President Mikheil Saakashvili is understandably upset that Western leaders have offered little more than rhetoric:
Georgian president Mikheil Saakashvili on Wednesday called for John McCain and other American leaders to do more for Georgia in their response to the conflict in his country. “Yesterday, I heard Sen. McCain say, ‘We are all Georgians now,'” Saakashvili said on CNN’s American Morning. “Well, very nice, you know, very cheering for us to hear that, but OK, it’s time to pass from this. From words to deeds.”

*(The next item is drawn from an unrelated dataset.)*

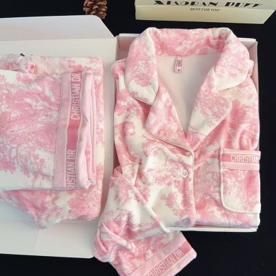 半边绒睡衣女冬季新款加绒加厚保暖纯色家居服套装可外穿

To be fair, however, John McCain has some concrete proposals:
A cease-fire that holds is a vital first step, but only one. With our allies, we now must stand in united purpose to persuade the Russian government to end violence permanently and withdraw its troops from Georgia. International monitors must gain immediate access to war-torn areas in order to avert an even greater humanitarian disaster, and we should ensure that emergency aid lifted by air and sea is delivered.
Charles Krauthammer has a few other proposals that are worth adopting as well:
1. Suspend the NATO-Russia Council established in 2002 to help bring Russia closer to the West. Make clear that dissolution will follow suspension. The council gives Russia a seat at the NATO table. Message: Invading neighboring democracies forfeits the seat. 2. Bar Russian entry to the World Trade Organization. 3. Dissolve the G-8. Putin’s dictatorial presence long made it a farce but no one wanted to upset the bear by expelling it. No need to. The seven democracies simply withdraw. Then immediately announce the reconstitution of the original G-7. 4. Announce a U.S.-European boycott of the 2014 Winter Olympics at Sochi. To do otherwise would be obscene. Sochi is 15 miles from Abkhazia, the other Georgian province just invaded by Russia. The Games will become a riveting contest between the Russian, Belarusian and Jamaican bobsled teams.
Although Max Boot has said we should even arm the Georgians, it seems virtually everyone, including McCain, is stopping short of saying we should do that. Krauthammer proposed a middle road: send Putin a copy of Charlie Wilson’s War.